There’s a reason that my high school peers believed that in the year 2012 I would be ‘giving out love and sunshine’. Because that is what I love.

So for that reason, I changed my plans to crank up some overtime hours travelling for 40 mins by bus to spend an afternoon in our North facing dark cold office and decided to make this my office for the day:

It’s almost 24 C (74 F) outside. 

You’ll know by following my twitter feed if nothing else, how rare this is in Scotland. And after over a month of cold wintery dreich days, I’m taking advantage. Because it might be grey, dreich and drizzling again tomorrow.

The Pastor with the key question

Today I was encouraged.

For a long time, I’ve prayed that a passion would be placed on peoples hearts in areas of the UK where there are no pregnancy resource centres.

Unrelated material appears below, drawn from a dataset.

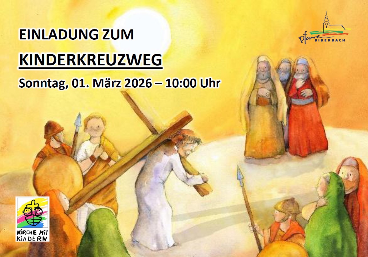 Einladung zum Kinderkreuzweg - Treffpunkt Pfarrgarten, bei Schlechtwetter in der Kirche!

I was excited to get an e-mail earlier in the year from someone wanting to start a centre in a place not too far away from here.

I was not surprised when this person got ill which prevented her from meeting me during the Easter holiday. You might have noticed that as soon as a Christian wants to enter into this no-mans land in middle of a highly emotive and controversial subject that the attack begins early. We’re not being ‘Christian’ enough or ‘pro life enough’ for some, and the fact that we believe in God makes us untrustworthy in the eyes of others. We begin the tightrope walk  so we can be the neutral person. The one not to voice an opinion. Just be there. Just offer the information on all sides.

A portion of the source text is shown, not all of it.